The plan is to work chapter by chapter. I've got an outline of events/chapters in place, I just need to execute them. I'm also hoping to wrangle a few writer friends into reading it chapter by chapter to see what they think before I go back and edit and send it to the publishers. Yeah, it's a big goal, but I think I need to take big steps like this if I want to eventually get somewhere with my writing.
Anyway, onto the squidly review:
Squid Pulp Blues, by Jordan Krall.
This book consists of three novellas, each are roughly 60 pages in length, and each of them set in the strange town of Thompson. Without going into too much detail, I'll say that each story sort of interconnects with the next, from the Little Bing Bong comics to the disfigured war veterans known as "the longheads" to the midget prostitutes to the many many squid related objects. Ashtrays, drugs, drinks, and even entire living squids.
You can probably gather from the title and cover that it's a squidly bizarro pulp-ish crime/noir book that is weird and dark and gritty and violent and brimming with style. That's a pretty accurate portrayal, really. And I must say that I love, love, love Jordan Krall's style. There's the distinct impression of multiple intersecting storylines, like of a series of short stories converging at one climactic point. Each of the three stories occur like this. There's something. Then something unrelated, and something else unrelated, and they work their way in to the dark and disturbing focal point.
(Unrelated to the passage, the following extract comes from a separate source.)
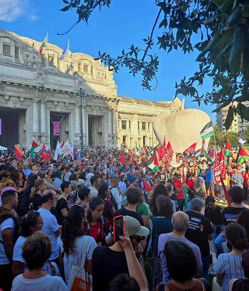 GLOBAL SUMUD FLOTTILLA: CENTINAIA DI PERSONE AL PRESIDIO SOLIDALE DAVANTI ALLA STAZIONE CENTRALE DI MILANO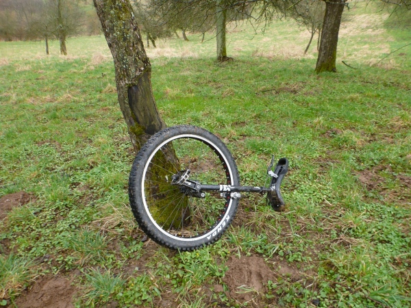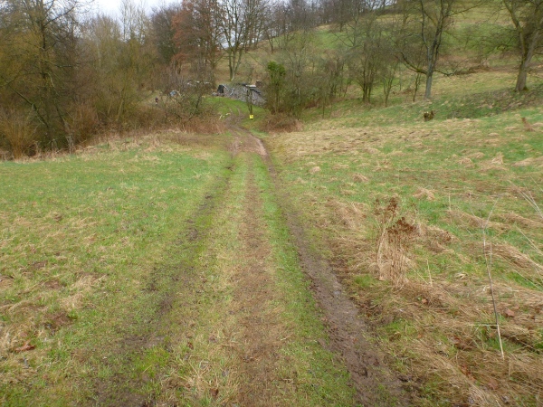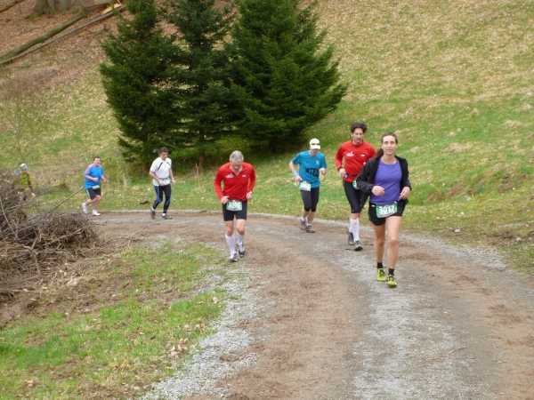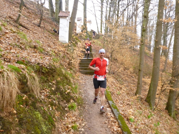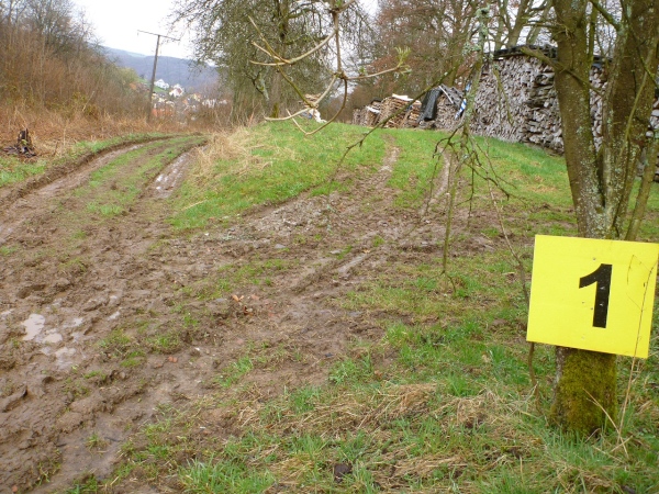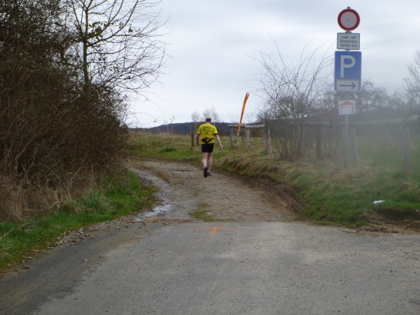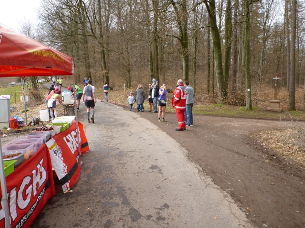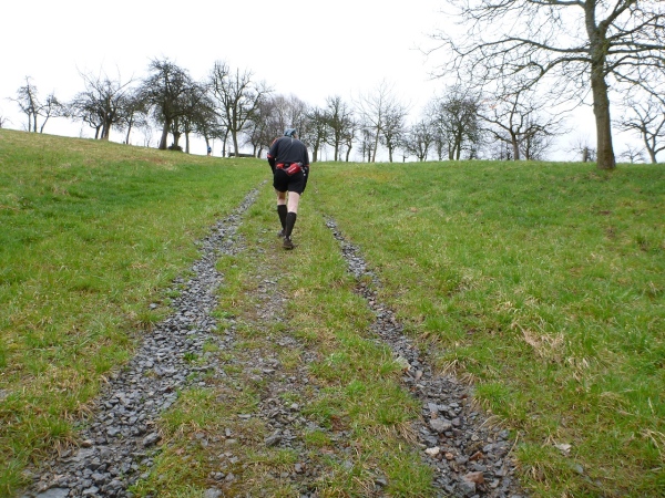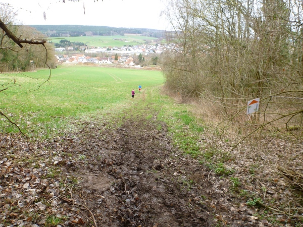 Unser Kurs wendet sich nun nach Südwesten in Richtung der ersten V-Stelle. Wir müssen wieder hinauf. Ein, zwei ganz kurze Teerstücke sind darunter, dann geht es wieder auf Wiesen- und Waldwegen steil bergauf. Dann wird Petrus inkontinent, denn plötzlich regnet‘s. Der Untergrund wird schnell entsprechend schmierig. Der Unterschied zwischen Trailschuhe und Straßenlaufschuhe wird nun deutlich. Sogar gut profilierte Straßentreter kommen nun an ihre Haftungsgrenze. Hinter einem Baum liegen zwei riesige Knochen. Nicht jeder hat diese gesehen. Eine Sau hat keine so große Knochen, wahrscheinlich hat ein Hund ein Mammut ausgegraben und die Reste für Hungerszeiten hinterlegt. Kurz später die bekannte Tankstelle. Aufpassen, nicht dass man nach der Trinkpause noch mal die Turmrunde macht oder in eine Endlosschleife gerät.

It's like if Quentin Tarantino were a surreal author this is the sort of thing he'd write.
Yeah, it's three stories that work independently of each other, but really, you need to read them all in series to get the full impression of what Krall has accomplished here. It's brilliant. And I'd love to get my hands on his other books and devour their squidly goodness. This man makes his mark giving the bizarro genre his own patented style. If you like noir and you like pulp then you'll love this. I don't even think you need to be a fan of the bizarro genre to enjoy this. It's weird, but in its own universe, it runs so squidly smooth and picks up the pace early on and packs a squidly punch that's so strange and disturbing I found it impossible not to love this book.